» ASSIGNED TASK:
An exact copy of every entry is needed here; the images stay out.

════

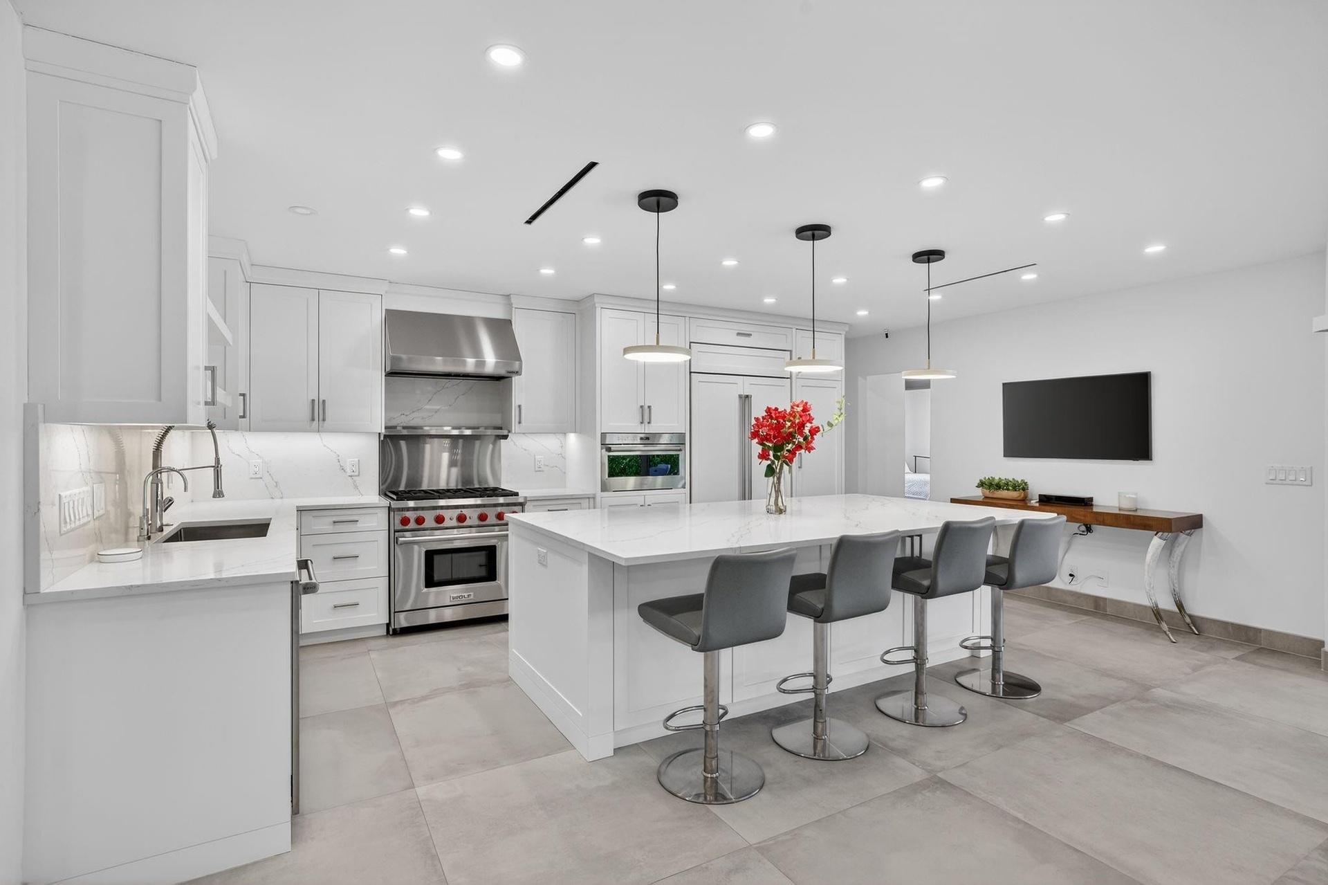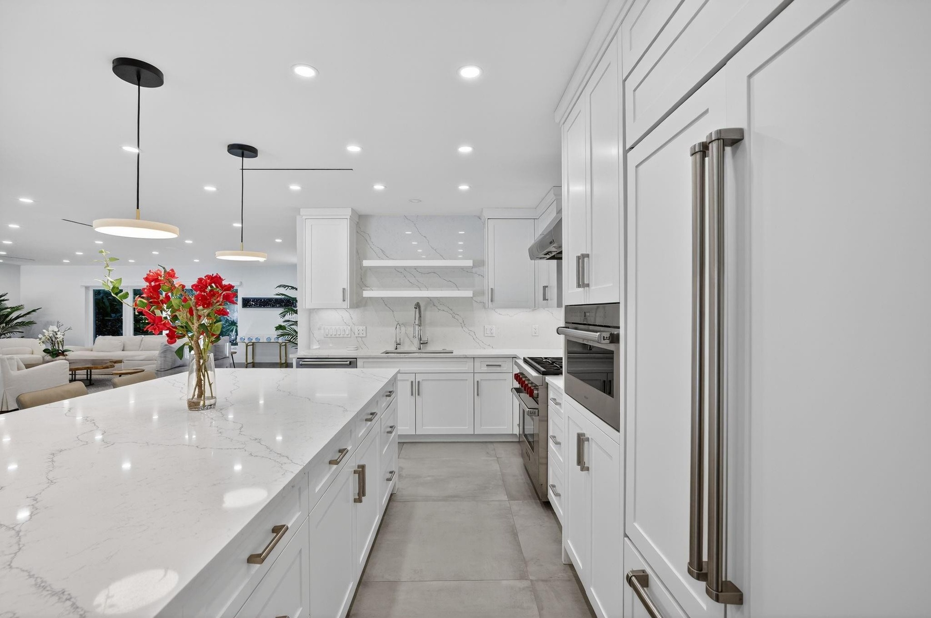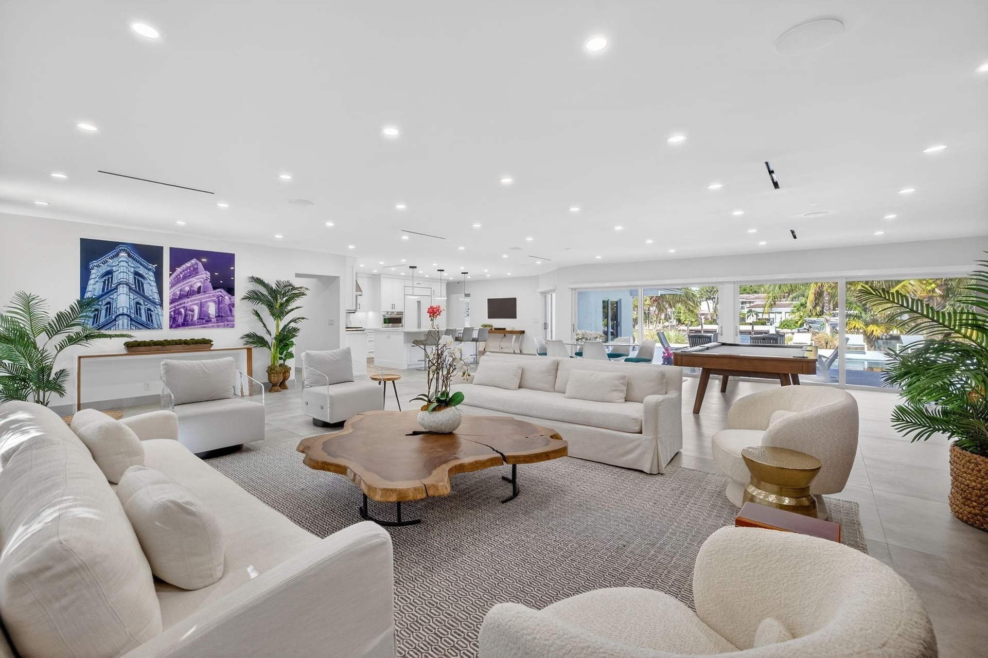 Located in Fort Lauderdale's premier 24/7 armed security guard-gated deepwater community. Move-in ready & furnished for quick closing. Custom island-inspired single level residence. 2022 total renovation shows as NEW: metal roof, plumbing to street, all new electrical, air conditioners, tankless water heater & generator. Latest open concept living, great room, Chef's kitchen, porcelain tile floors, new impact glass & interior doors. Private Primary Suite, dual closets, new modern spa style bath, enclosed water closet, soaking tub & floating vanities. Split floorplan: 2 secondary bedroom suites, office (4th bed), cabana bath, air-conditioned garage. Most rooms access pool & wide-open radius turning basin views, 95ft protected dockage. Perfectly located for Pine Crest & other A rated schools Bay Colony features full time (24/7) armed security with only one guard house and access point. There are only 108 residences in Bay Colony as of this listing.2022 Custom Renovation (in addition to the above) includes:-Interior:* Large format porcelain tiles matching throughout the residence.* Mud-room/utility room with double LG washer and dryer systems and refrigerator, plus folding area and ample storage closets, desk area.* High-end plumbing features throughout include Porcelanosa and Toto* New interior doors & baseboards* Entirely new electrical service and custom lighting throughout the residence.* All new bathrooms with floating vanities and LED Mirrors.* Primary Suite: Separate custom closets, large spa style bathroom with enclosed water-closet, large shower and soaking tub. Window to exterior for natural light. Floating Italian style vanities with LED Mirrors & make-up area. Sliders to the pool area.* Entirely separate wing for the two secondary suites (both with new custom bathrooms) and home office (potential 4th bedroom). New cabana bathroom with exterior door to pool area.* Side access oversized air-conditioned garage with epoxy floors and large windows provide natural light. Currently doubles as gym.* Water softener* Tankless water heaterExterior:* Two Carrier Air Conditioners - 5 and 2 ton.* Circular driveway includes side access garage with parking for at least 6 cars on the side plus the circular driveway. All new pavers in the front and side pathways. New double entry front doors.* Fenced and gated rear backyard.* Fully renovated pool with marble pool decking and large covered terrace provides for outside dining and lounging.* Marble decking surrounds the entire pool area with large sunning area and separate area for firepit and grilling.* New docking with lighting and electrical service (boat lift excluded)* Professional landscaping throughout the entire property.24 KW Generator* New sea wall cap and dock
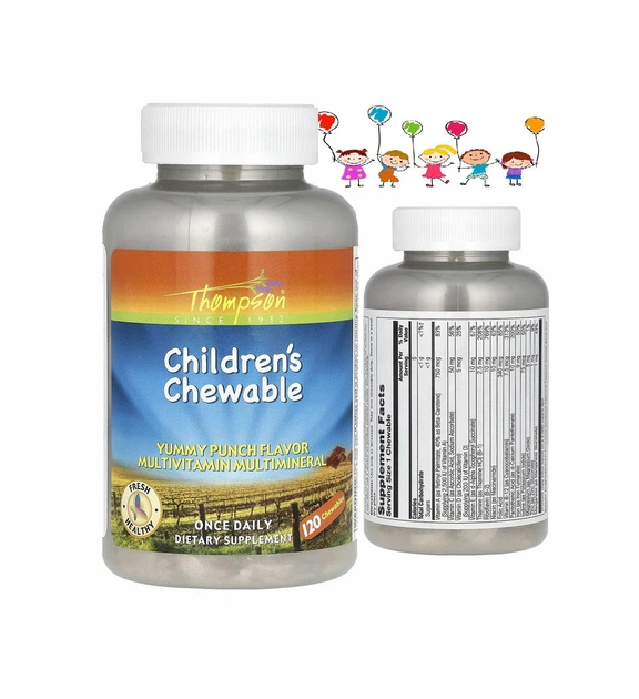 Мультивітамінами для дітей Thompson зі смаком пуншу 120 жувальних таблеток мікроелементи комплекс дитячий (031315191350)
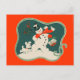 Carte postale présentant une illustration vintage de Noël des années 1940 d'un bonhomme de neige. Customisez-le avec votre propre couleur et texte arrière - plan. Cool rétro !
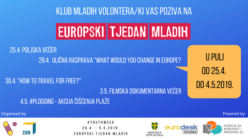 Klub mladih volontera/ki iz Pule, kojeg vode Volonterski centar Istra i Udruga ZUM, poziva sve zainteresirane mlade i druge građane/ke da se pridruže u aktivnostima povodom obilježavanja Europskog tjedna mladih.
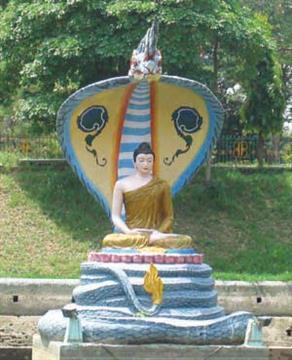 In this place the Buddha spent his sixth week of meditation. It is said that during this time a severe storm broke out and seeing the Buddha getting drenched the King of Snakes in the lake named Muchalinda came out of his abode to protect the Buddha with his hood against the wind and heavy rains.
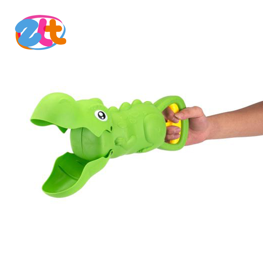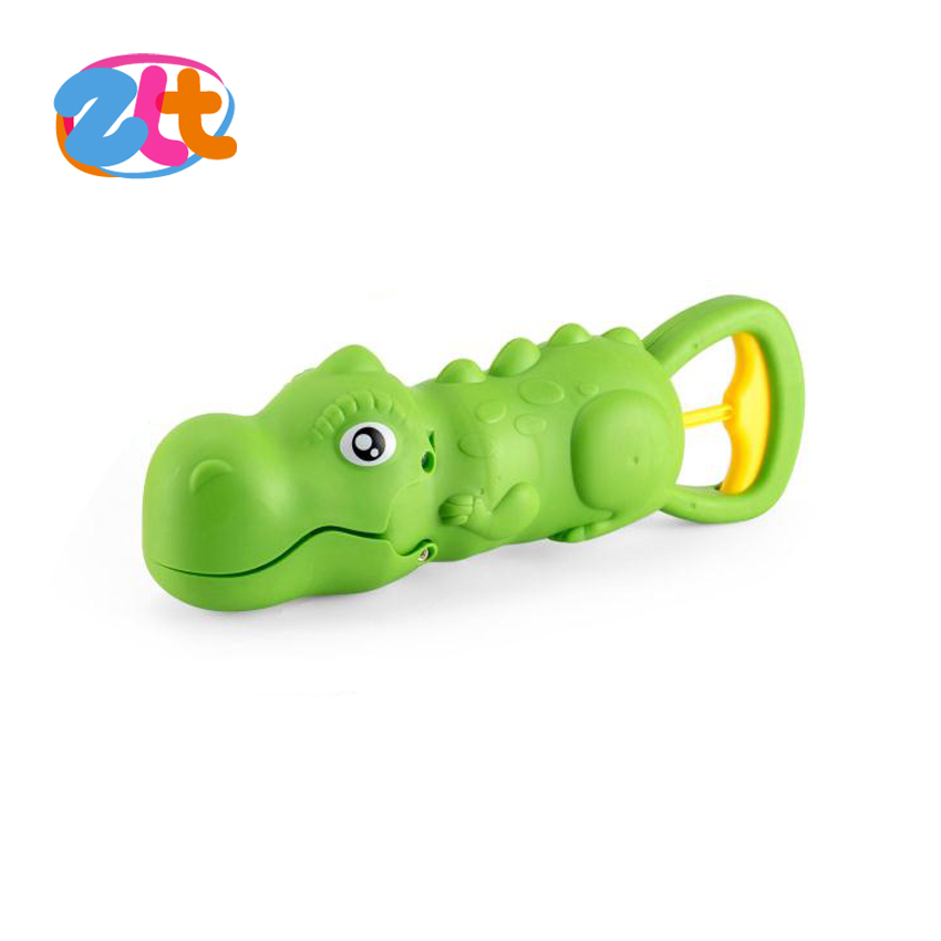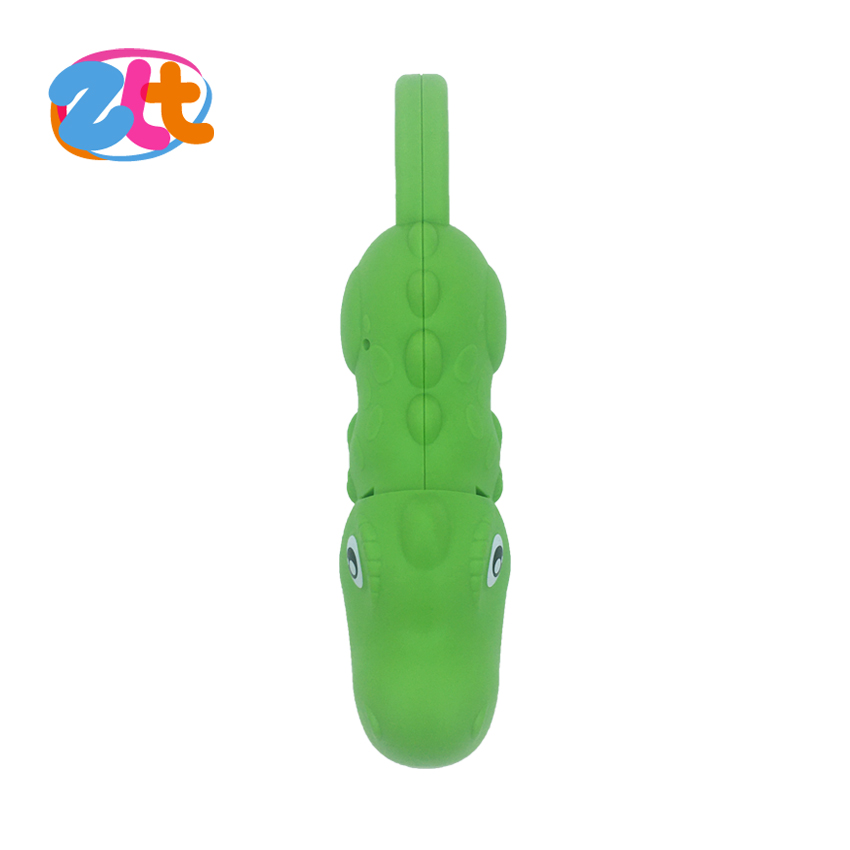 1. Squeeze-and-grab pool toy in a bright-green dinosaur shape.
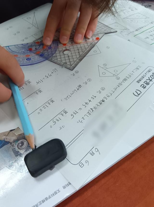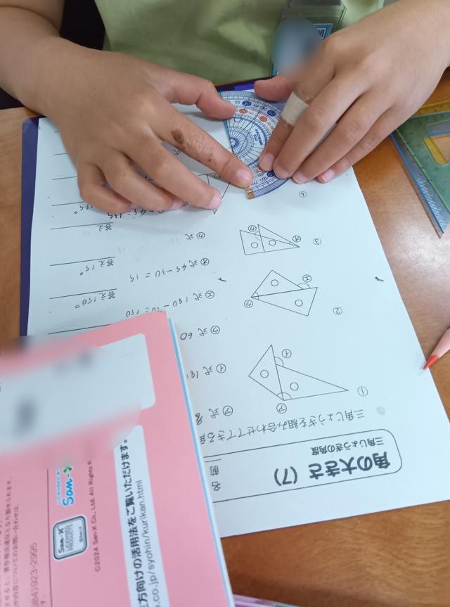 例えば、単純に角度を測るだけではなく、三角定規を重ねて、合わせた部分の角度や重ねたときに間にできる角度などを両手に三角定規を構え、さらに分度器を脇に置いておき、角を作って角度を測ります。三角定規二刀流180-180です。そこから、三角定規のそれぞれの角の角度も分かってきました。そうなってくると、後は図で表された問題を「計算で解く」なんてこともできるようになってくるわけです。測らずに角度を知る方法が身に付いてきているのです。

════

» THE ANSWER:
 Located in Fort Lauderdale's premier 24/7 armed security guard-gated deepwater community. Move-in ready & furnished for quick closing. Custom island-inspired single level residence. 2022 total renovation shows as NEW: metal roof, plumbing to street, all new electrical, air conditioners, tankless water heater & generator. Latest open concept living, great room, Chef's kitchen, porcelain tile floors, new impact glass & interior doors. Private Primary Suite, dual closets, new modern spa style bath, enclosed water closet, soaking tub & floating vanities. Split floorplan: 2 secondary bedroom suites, office (4th bed), cabana bath, air-conditioned garage. Most rooms access pool & wide-open radius turning basin views, 95ft protected dockage. Perfectly located for Pine Crest & other A rated schools Bay Colony features full time (24/7) armed security with only one guard house and access point. There are only 108 residences in Bay Colony as of this listing.2022 Custom Renovation (in addition to the above) includes:-Interior:* Large format porcelain tiles matching throughout the residence.* Mud-room/utility room with double LG washer and dryer systems and refrigerator, plus folding area and ample storage closets, desk area.* High-end plumbing features throughout include Porcelanosa and Toto* New interior doors & baseboards* Entirely new electrical service and custom lighting throughout the residence.* All new bathrooms with floating vanities and LED Mirrors.* Primary Suite: Separate custom closets, large spa style bathroom with enclosed water-closet, large shower and soaking tub. Window to exterior for natural light. Floating Italian style vanities with LED Mirrors & make-up area. Sliders to the pool area.* Entirely separate wing for the two secondary suites (both with new custom bathrooms) and home office (potential 4th bedroom). New cabana bathroom with exterior door to pool area.* Side access oversized air-conditioned garage with epoxy floors and large windows provide natural light. Currently doubles as gym.* Water softener* Tankless water heaterExterior:* Two Carrier Air Conditioners - 5 and 2 ton.* Circular driveway includes side access garage with parking for at least 6 cars on the side plus the circular driveway. All new pavers in the front and side pathways. New double entry front doors.* Fenced and gated rear backyard.* Fully renovated pool with marble pool decking and large covered terrace provides for outside dining and lounging.* Marble decking surrounds the entire pool area with large sunning area and separate area for firepit and grilling.* New docking with lighting and electrical service (boat lift excluded)* Professional landscaping throughout the entire property.24 KW Generator* New sea wall cap and dock
 Мультивітамінами для дітей Thompson зі смаком пуншу 120 жувальних таблеток мікроелементи комплекс дитячий (031315191350)
 Carte postale présentant une illustration vintage de Noël des années 1940 d'un bonhomme de neige. Customisez-le avec votre propre couleur et texte arrière - plan. Cool rétro !
 Klub mladih volontera/ki iz Pule, kojeg vode Volonterski centar Istra i Udruga ZUM, poziva sve zainteresirane mlade i druge građane/ke da se pridruže u aktivnostima povodom obilježavanja Europskog tjedna mladih.
 In this place the Buddha spent his sixth week of meditation. It is said that during this time a severe storm broke out and seeing the Buddha getting drenched the King of Snakes in the lake named Muchalinda came out of his abode to protect the Buddha with his hood against the wind and heavy rains.
 1. Squeeze-and-grab pool toy in a bright-green dinosaur shape.
 例えば、単純に角度を測るだけではなく、三角定規を重ねて、合わせた部分の角度や重ねたときに間にできる角度などを両手に三角定規を構え、さらに分度器を脇に置いておき、角を作って角度を測ります。三角定規二刀流180-180です。そこから、三角定規のそれぞれの角の角度も分かってきました。そうなってくると、後は図で表された問題を「計算で解く」なんてこともできるようになってくるわけです。測らずに角度を知る方法が身に付いてきているのです。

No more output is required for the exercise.